The standard of care for patients with small cell lung cancer (SCLC) has been trapped in a period of stagnation for the past several decades. However, meaningful improvements in outcomes with immunotherapy in recent years are finally starting to change the tide for the first-line treatment of these patients.
“Over the past 30 to 40 years, over 60 active agents have been tried with improvements in response rate and progression-free survival, but no improvement in overall survival,” Benjamin P. Levy, MD, said in a presentation at the 17th Annual Winter Lung Cancer Conference®, hosted by Physicians’ Education Resource®, LLC. “This has historically [been an] aggressive disease with disappointing results.
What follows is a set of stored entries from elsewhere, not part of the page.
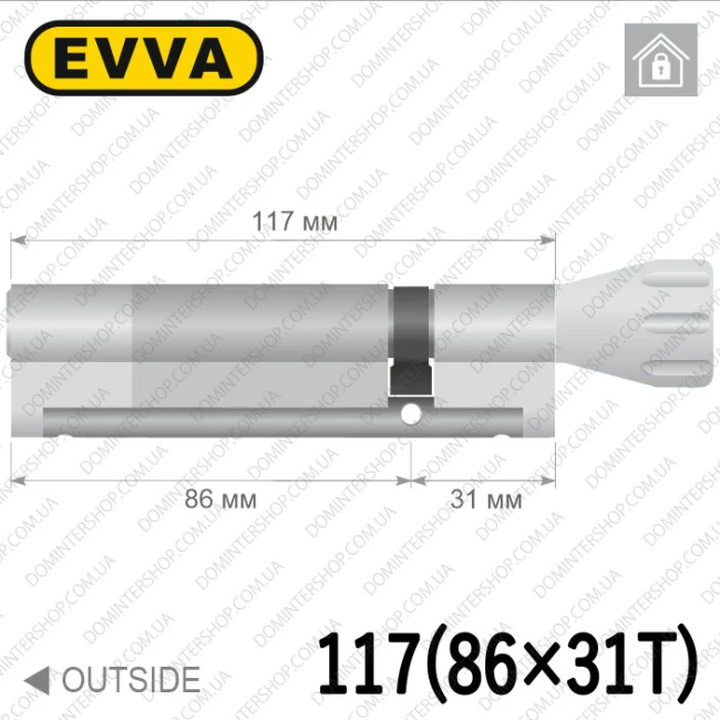 Купить цилиндр EVVA EPS ключ-тумблер, 117 мм (86х31), латунь матовая, три ключа в интернет-магазине
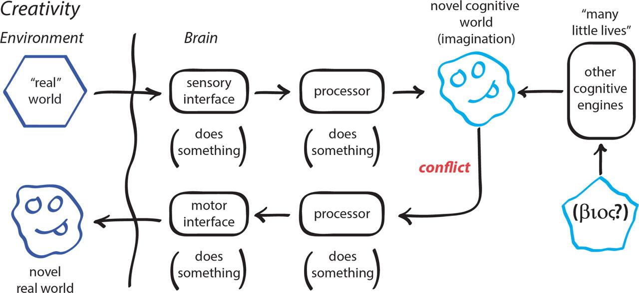 Cognitive maps also may be shaped independently of direct inputs from the sensory interface. There may be inputs from other cognitive and adaptive systems within the organism (Figure 10). In this circumstance, cognitive maps can arise that are decoupled from a direct sensory inputs: imagined, in a word. Creativity emerges when the motor interface works to create a ‘real world’ that conforms to the imagined cognitive representation. Novelty is the product of intentional creativity.
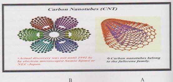 B = لم يحدث الاكتشاف الفعلي للأنابيب النانوية الكاربونية الا في عام 1991 من قبل الباحث سومو ايجما Sumio Ihjhima من NEC اليابان .

Immunotherapy clearly has been transformative in non—small cell lung cancer; it is the standard of care for most patients without a driver mutation in the first-line in combination with platinum chemotherapy and we see efficacy across various tumor types.”
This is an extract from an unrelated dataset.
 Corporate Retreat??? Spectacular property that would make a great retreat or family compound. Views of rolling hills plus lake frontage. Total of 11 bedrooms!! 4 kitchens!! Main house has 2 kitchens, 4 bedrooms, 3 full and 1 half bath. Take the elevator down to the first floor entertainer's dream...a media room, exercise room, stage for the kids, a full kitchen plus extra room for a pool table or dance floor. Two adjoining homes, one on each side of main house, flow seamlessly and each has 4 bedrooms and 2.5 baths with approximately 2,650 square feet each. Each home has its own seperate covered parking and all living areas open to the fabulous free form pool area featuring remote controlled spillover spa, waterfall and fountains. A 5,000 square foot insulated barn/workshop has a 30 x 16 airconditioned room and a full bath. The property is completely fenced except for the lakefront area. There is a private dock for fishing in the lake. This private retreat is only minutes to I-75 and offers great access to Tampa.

SCLC has the characteristics of a disease that would be “ripe for the taking” with immunotherapy, Levy, an assistant professor of oncology and clinical director of Medical Oncology at Sidney Kimmel Cancer Center of Johns Hopkins Medicine, said during the meeting.1 According to a prospective study of patients with extensive-stage (ES) SCLC (n = 432), 93% received first-line therapy, 50% received second-line therapy, and 22% received third-line therapy.2
“Few patients receive third-line therapy,” Levy said. “I do not think that immunotherapy is going to play a meaningful role as a third-line [option] for these patients.”